The task
What is printed must match, line for line, the records from their first line through the line containing "ISC-30A型電子皮帶秤,該秤架為全懸", with pictures left out.

Exercise materials
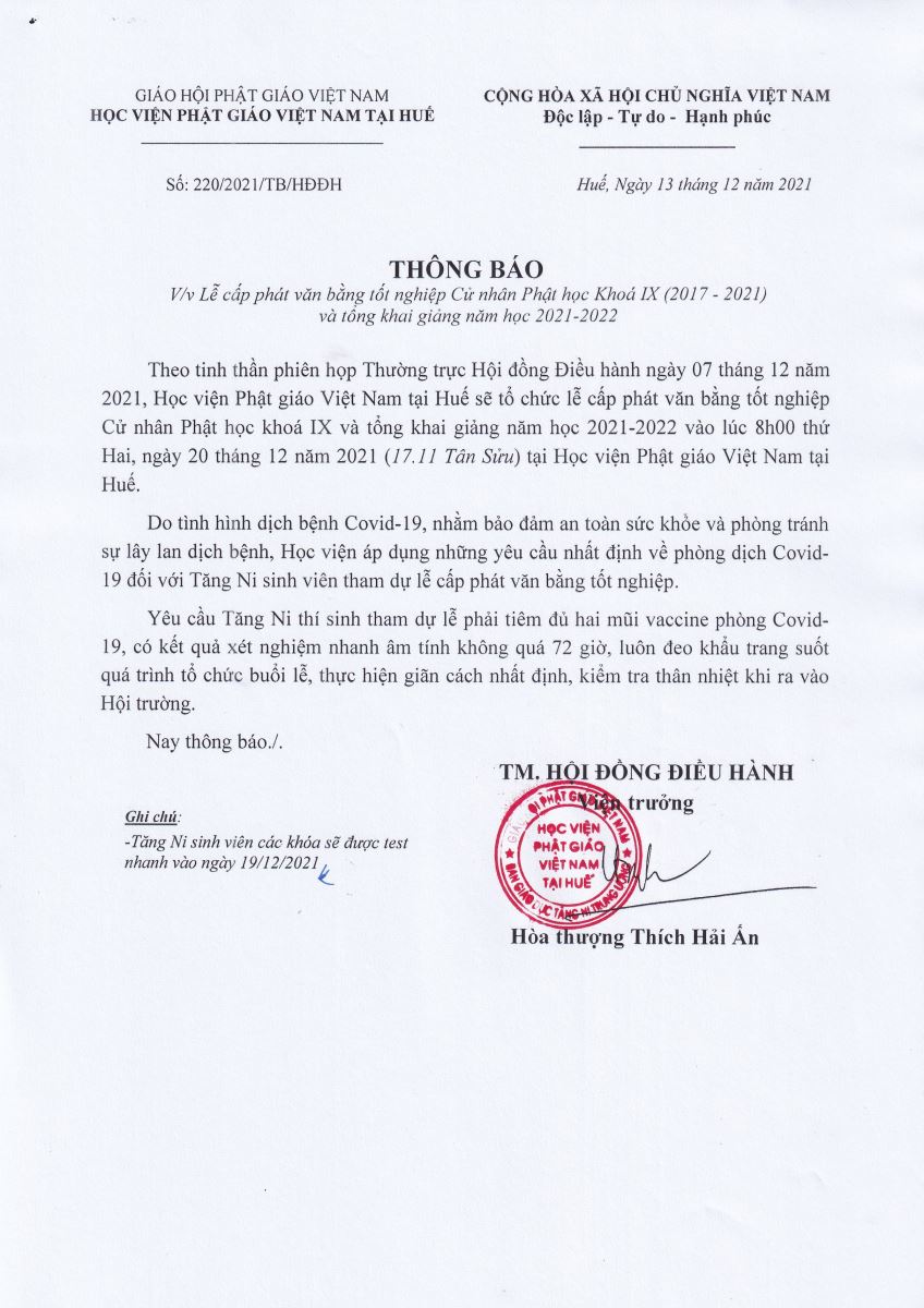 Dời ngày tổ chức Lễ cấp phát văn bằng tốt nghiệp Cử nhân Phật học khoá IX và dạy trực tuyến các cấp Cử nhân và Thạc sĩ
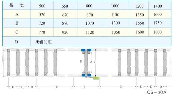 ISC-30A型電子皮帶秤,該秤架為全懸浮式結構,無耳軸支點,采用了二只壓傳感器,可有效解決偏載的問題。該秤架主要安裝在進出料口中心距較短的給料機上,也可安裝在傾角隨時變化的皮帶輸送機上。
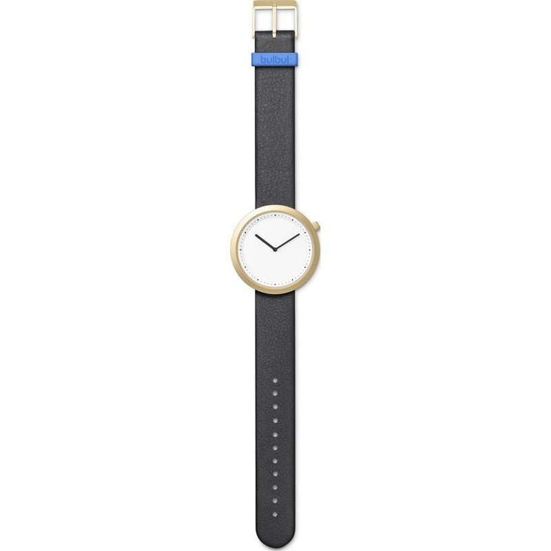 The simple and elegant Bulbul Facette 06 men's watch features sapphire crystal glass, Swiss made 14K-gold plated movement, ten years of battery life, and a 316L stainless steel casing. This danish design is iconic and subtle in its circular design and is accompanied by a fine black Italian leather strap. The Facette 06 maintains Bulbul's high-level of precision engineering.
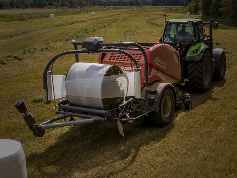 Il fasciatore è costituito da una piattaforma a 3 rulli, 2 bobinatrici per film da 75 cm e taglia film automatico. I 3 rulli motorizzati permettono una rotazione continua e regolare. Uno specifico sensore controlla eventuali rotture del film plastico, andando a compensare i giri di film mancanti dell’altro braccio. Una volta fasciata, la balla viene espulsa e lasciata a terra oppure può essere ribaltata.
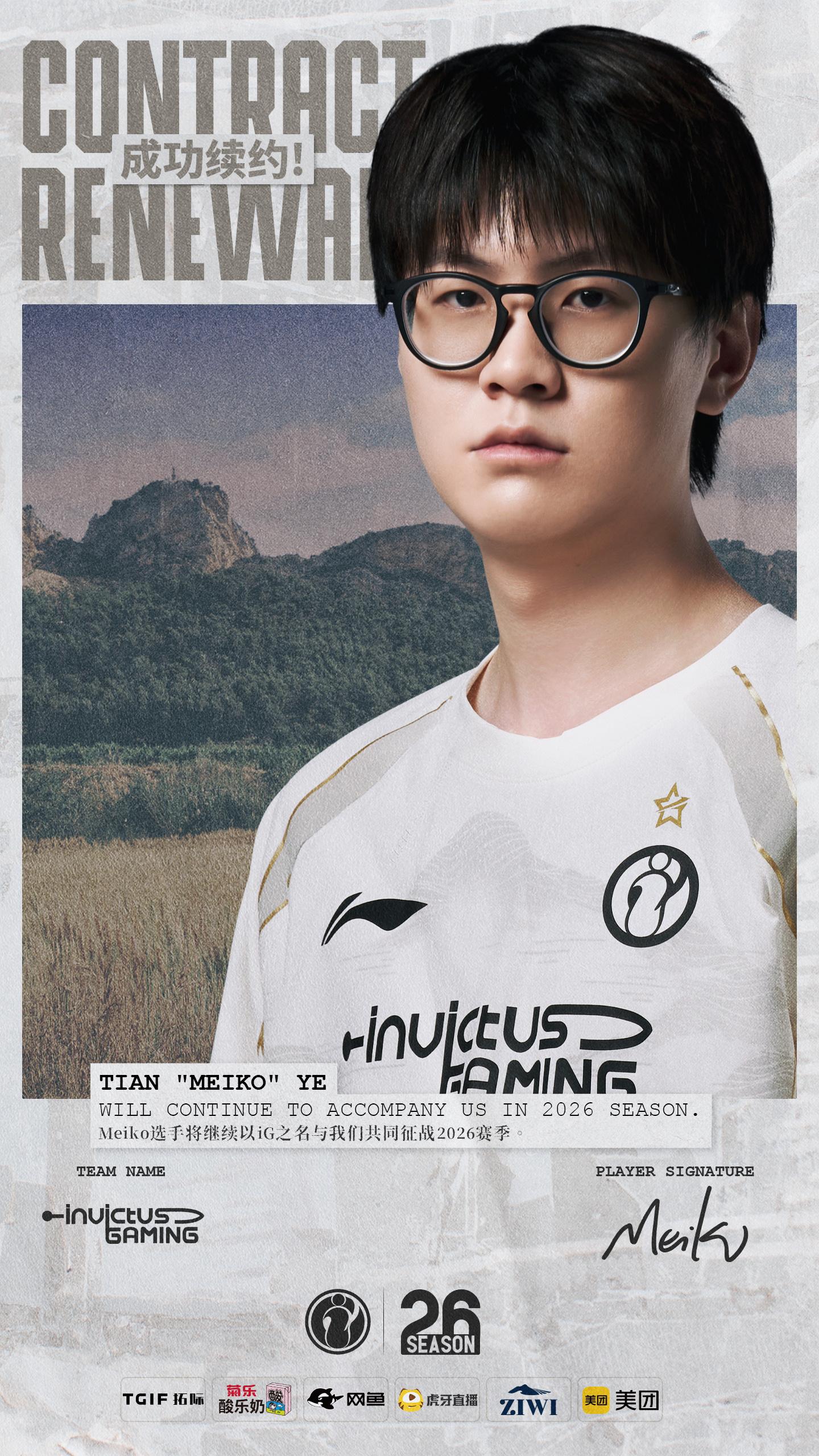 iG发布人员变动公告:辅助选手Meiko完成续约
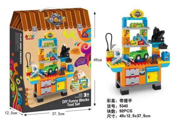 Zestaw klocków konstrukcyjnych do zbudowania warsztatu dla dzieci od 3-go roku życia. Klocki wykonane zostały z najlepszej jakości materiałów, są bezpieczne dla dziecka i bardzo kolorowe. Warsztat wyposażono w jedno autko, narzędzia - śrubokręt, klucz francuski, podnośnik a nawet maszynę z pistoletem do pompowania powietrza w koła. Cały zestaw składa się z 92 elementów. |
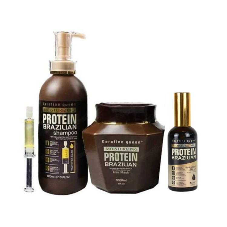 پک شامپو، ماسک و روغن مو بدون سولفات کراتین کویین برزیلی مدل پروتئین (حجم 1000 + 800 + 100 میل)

Solution for this exercise
 Dời ngày tổ chức Lễ cấp phát văn bằng tốt nghiệp Cử nhân Phật học khoá IX và dạy trực tuyến các cấp Cử nhân và Thạc sĩ
 ISC-30A型電子皮帶秤,該秤架為全懸浮式結構,無耳軸支點,采用了二只壓傳感器,可有效解決偏載的問題。該秤架主要安裝在進出料口中心距較短的給料機上,也可安裝在傾角隨時變化的皮帶輸送機上。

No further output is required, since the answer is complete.